Arms and Interventions

Participant Group / Arm	Intervention / Treatment
Placebo Comparator: Control; Placebo	Other: Control; A single dose of placebo (0.5mL formulated buffer) will be aerosolized and inhaled as the intervention vaccine.
Experimental: ChAd-triCoV/Mac	Biological: ChAd-triCoV/Mac; Clinical-grade, fully certified ChAd-triCoV/Mac produced according to current Good Manufacturing Principles (cGMP) will be provided.

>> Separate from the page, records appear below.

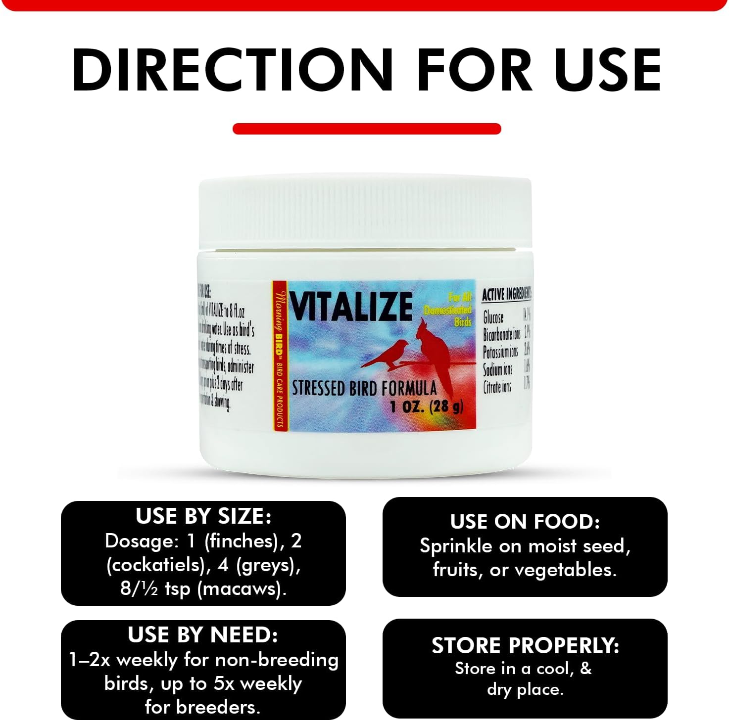 Morning Bird Vitalize, Supplement for Sick, Injured, or Stressed Caged Birds; Dehydration and Exhaustion Treatment for Parakeets, Cockatiels, Budgies, Finches, Canaries, and Parrots, 1 oz
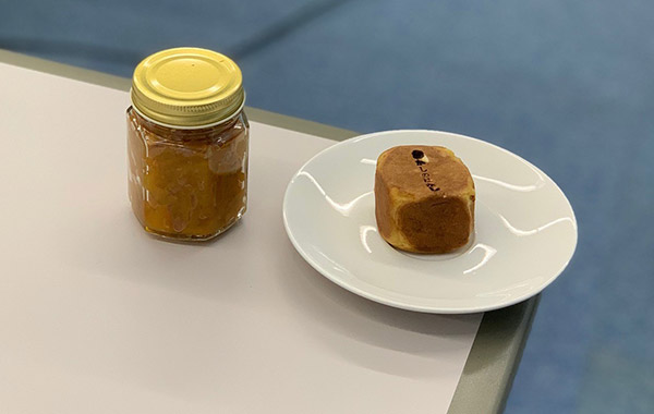 参加者に事前に届けられた六法焼と甘夏ジャム。いずれも大島で作られており、入所者の方々に親しまれている。
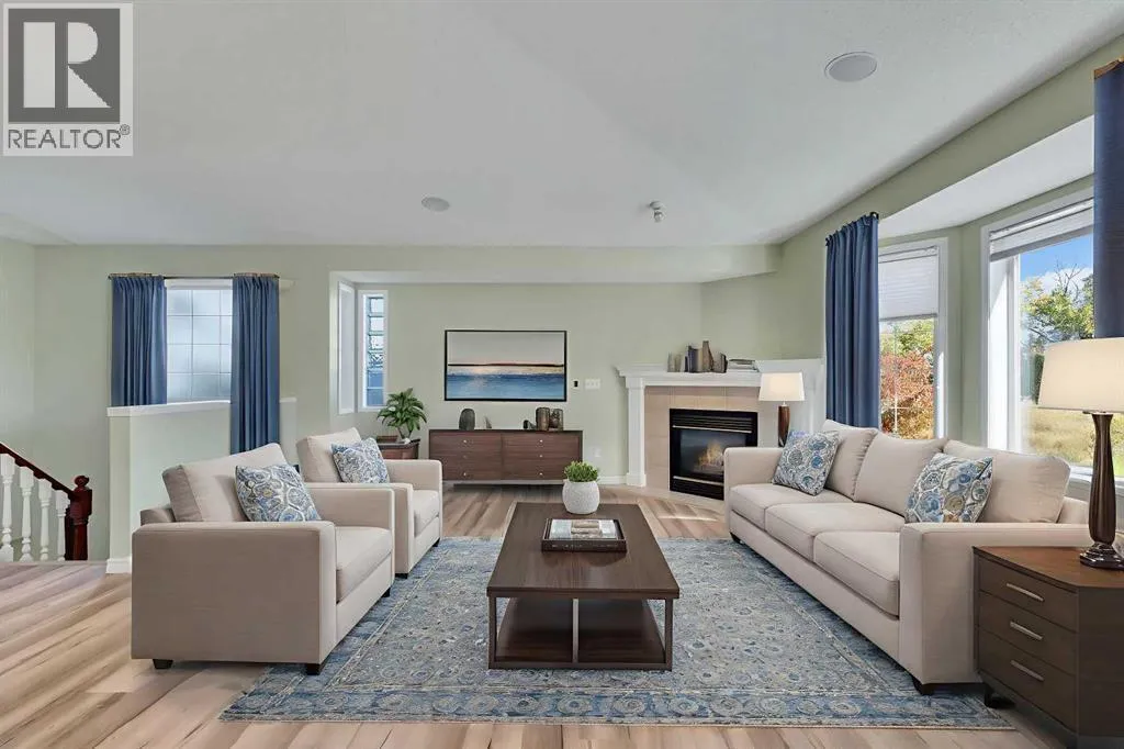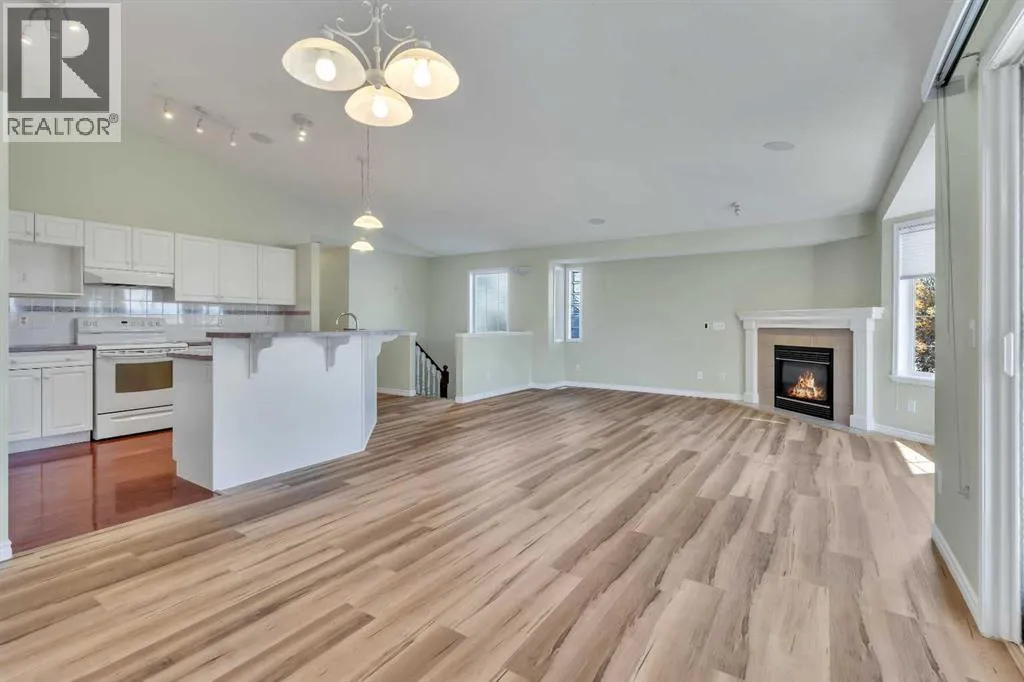 INTRODUCTION: Welcome to Valley Ridge! Nestled within the Highlands of Valley Ridge complex, this air conditioned bungalow-style villa provides a harmonious blend of comfort and community living. The area is well known for its vibrant social scene, offering residents opportunities to connect and participate in events throughout the year. MAIN LEVEL FEATURES: Upon entering the home, you are greeted by a spacious and inviting main level. A family room, highlighted by a corner gas fireplace, creates a warm atmosphere ideal for relaxation. The main level also includes a full four-piece bathroom, ensuring convenience for both residents and guests. Step outside to your private patio, a perfect spot for unwinding and enjoying the fresh air. UPPER-LEVEL LIVING: The upper level showcases an open-concept design that enhances the sense of space and light. Striking new vinyl planking flooring extends throughout the area, while large windows and patio doors flood the space with sunshine. The kitchen is equipped with ample cupboard space, generous countertops, a large island for quick meals, and a corner pantry for storage. Adjacent to the kitchen, the living room features another corner gas fireplace and a dining area, providing an excellent setting for entertaining or relaxing with family and friends. BEDROOMS AND BATHROOMS: the primary bedroom is spacious and includes a walk-in closet and a three-piece ensuite for added privacy and comfort. There is an additional bedroom, accompanied by a four-piece bathroom, making this home suitable for families or guests. Laundry facilities are conveniently located on this level as well. COMMUNITY AND LOCATION: Beyond the home itself, Valley Ridge is a thriving community with an active association that organizes events such as Music in the Garden, Yoga in the Park, and a Community Garden. Residents enjoy access to numerous parks and trails, with quick connections to Stoney Trail, downtown Calgary, and both the northern and souther n parts of the city. The scenic mountains are only a 45-minute drive away, offering further opportunities for recreation and exploration. SCHEDULE YOUR PRIVATE TOUR: Do not miss the chance to experience this exceptional home and community. Schedule your private tour today and discover all that Valley Ridge has to offer! (id:27476)

A single dose of ChAd-triCoV/Mac diluted in 0.5mL formulated buffer will be aerosolized and inhaled via a mouthpiece and tidal breathing over approximately 2 minutes using the AeroNeb Solo Mesh Nebulizer.

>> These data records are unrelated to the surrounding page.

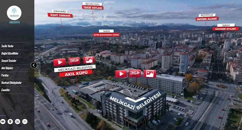 Melikgazi Belediyesi, Araştırma ve Geliştirme Müdürlüğü tarafından tasarlanan “Melikgazi 360” isimli web sitesi ile Melikgazi sınırları içerisinde yer alan tarihi yerlerin, doğal güzelliklerin, park ve camilerin, Melikgazi Belediyesi’ne ait sosyal tesislerin, kütüphanelerin, kentsel dönüşüm çalışmalarının görsel tanıtımını yaparak vatandaşları kolaylıkla bilgilendiriyor.
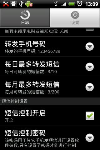 3, 可以通过指定的短信格式来控制(配置)装有该软件的配置(转发码号/启动关闭短信转发/启动关闭未接电话通知等等)
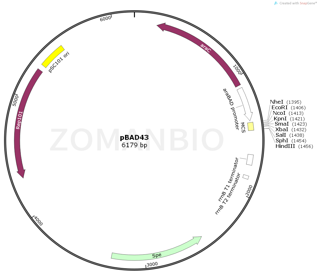 pBAD43是一個大腸桿菌pBAD系列表達(dá)質(zhì)粒。
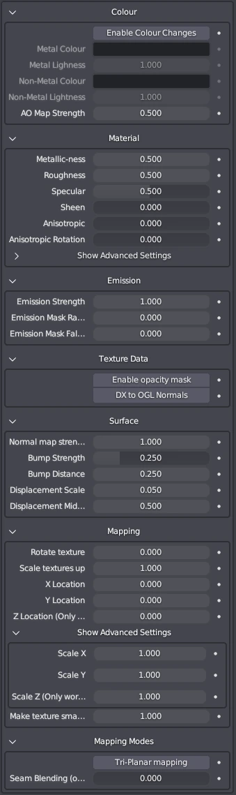 The shader is broken up into 7 distinct sections, in the UI using drop-down functions. This is to make the UI cleaner and allow the user to close information that is not needed. If you view this in the shader-editor, or the material properties, it will not look like the image on the left but will look like this:

What is the study measuring?

Primary Outcome Measures

Outcome Measure	Measure Description	Time Frame
Antigen specific T cell responses in blood.	Percentage of cytokine positive T cells in the blood	2 weeks
Antigen specific T cell responses in bronchoalveolar lavage (BAL).	Percentage of cytokine positive T cells in the BAL	4 weeks
Any grade 3, 4, or 5 adverse events that are possibly or probably related to study vaccine.	Frequency, incidence and nature of adverse events	24 weeks

Secondary Outcome Measures

Outcome Measure	Measure Description	Time Frame
Any adverse events, including grade 1 or 2 or where relationship to vaccine/placebo administration or study procedures is judged not related or unlikely.	Frequency, incidence and nature of any adverse events	24 weeks
Tissue-resident memory surface marker expression airway T cells	Percentage CD103+CD8+ specific cells	4 weeks
Confirmed COVID infection by reverse transcriptase polymerase chain reaction (RT-PCR)	Positive RT-PCR test	24 weeks
CD4 and CD8 T cell responses specific for the spike (S1), nucleoprotein (N) and polymerase (POL) SARS-CoV-2 antigens expressed by the vaccine, including those expressing memory T cell markers, in the peripheral blood.	Percentage of cytokine positive T cells in the blood to specific antigens	4 and 8 weeks
Neutralizing and total antibody levels in BAL and blood	Anti-receptor binding domain (RBD) IgG and IgA endpoint titre; percent neutralization (surrogate virus neutralization test [sVNT])	2, 4 and 8 weeks

Collaborators and Investigators

• Sponsor: McMaster University
• Collaborators: Canadian Institutes of Health Research (CIHR)
• Investigators: Principal Investigator: Fiona Smaill, McMaster University

Study record dates

Study Major Dates

• Study Start (Actual): March 25, 2025
• Primary Completion (Estimated): December 1, 2026
• Study Completion (Estimated): January 1, 2027

Study Registration Dates

• First Submitted: April 23, 2024
• First Submitted That Met QC Criteria: April 23, 2024
• First Posted (Actual): April 24, 2024

Study Record Updates

• Last Update Posted (Actual): January 26, 2026
• Last Update Submitted That Met QC Criteria: January 22, 2026
• Last Verified: January 1, 2026

More Information

Terms related to this study

• Additional Relevant MeSH Terms: Respiratory Tract Infections; Infections; RNA Virus Infections; Virus Diseases; Respiratory Tract Diseases; Lung Diseases; Pneumonia, Viral; Pneumonia; Coronavirus Infections; Coronaviridae Infections; Nidovirales Infections; COVID-19
• Other Study ID Numbers: M011

Plan for Individual participant data (IPD)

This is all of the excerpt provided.